Every Sunday evening, I'd name my father, a horse farmer and part-time political pundit in Nicaragua, who would give me his evaluation of the week's occasions, adopted by a easy query: "Have you voted yet?" Then, he would say, "This is probably the most important election of your lifetime." And it was—on the time.Now, an much more essential election for me and my ancestral nation is occurring in Nicaragua this weekend—and most of the people in the US aren't following it. The nervousness I skilled final 12 months has given option to outright dread as my household's homeland prepares to elect its subsequent president. When it involves the query of who will win, the end result is a foregone conclusion.
Even more ironic: Ortega was as soon as imprisoned and tortured in an earlier incarnation of the "El Chipote" jail, the place his present political enemies languish. This really is an occasion of the bullied changing into a bully. Or, in Ortega's case, the populist revolutionary changing into the ruthless oppressor. In 1984, he was elected president. In 1990, he misplaced his bid at reelection to Violeta Chamorro. In 2006, he was elected once more—and has been holding on tight to the presidency ever since. (After a long time of residing in the US, observing these political machinations from afar, my father and mom moved again to Nicaragua in 2000.)

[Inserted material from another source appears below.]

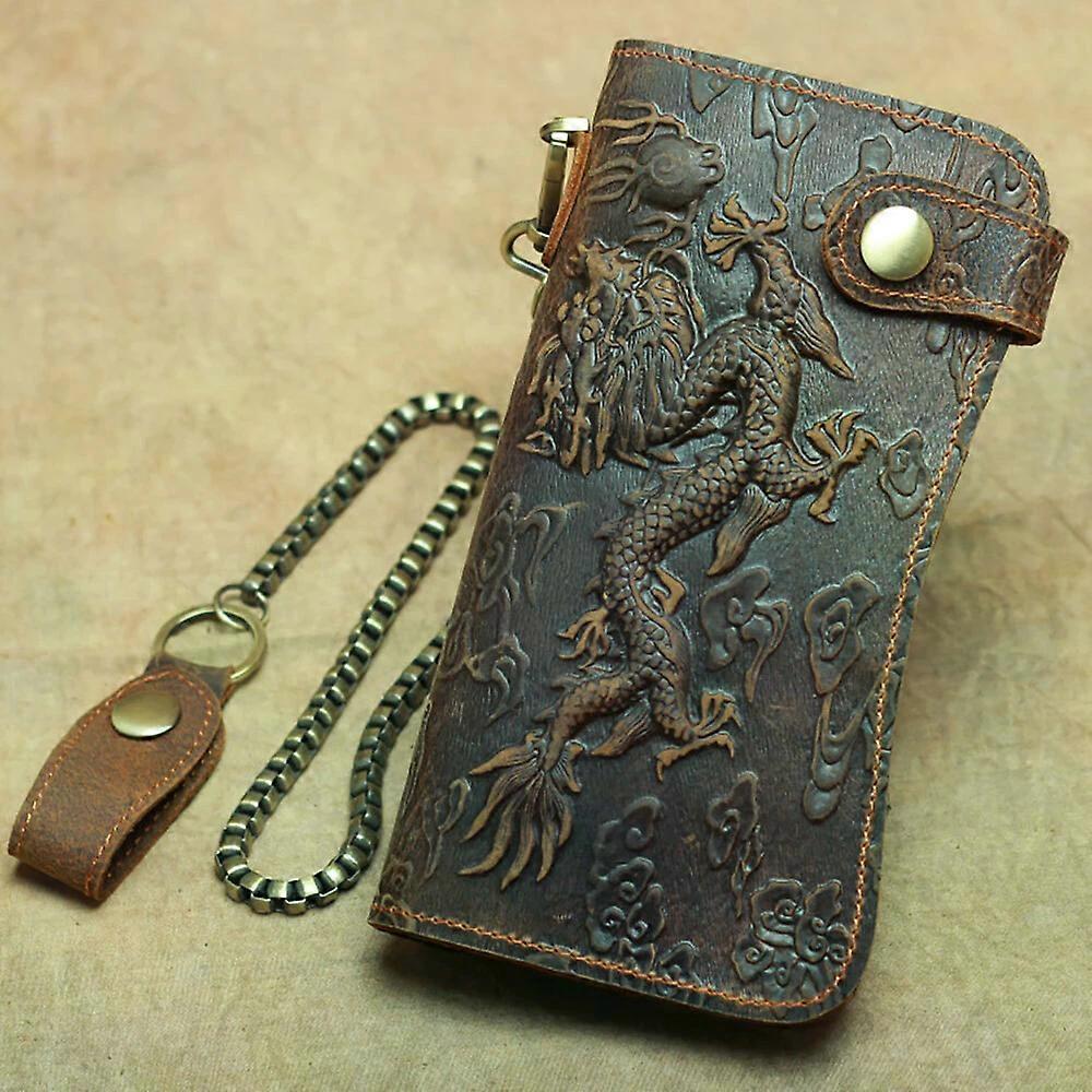 Men's Leather Credit ID Cards Holder Long Chain Wallet Biker Trucker heavy Thick

As for my father and the opposite political prisoners, we—their households—are ready for election day with a mixture of dread and hope. It's been rumored the regime's paranoia will diminish after the election, and prisoners can be launched or positioned below home arrest—all higher choices. But it is laborious to imagine it will occur.More seemingly, with out additional actions by the US, nothing will change after the election. And our struggle to free our homeland will proceed below the radar, till the powers that be see match to do one thing—actually do one thing— to shake Ortega's stranglehold on the nation. The stakes of this weekend's election for my household are clear. But everybody who believes in freedom, democracy, and the preservation of human rights must be looking forward to what occurs this Sunday in Nicaragua—and the times and weeks after.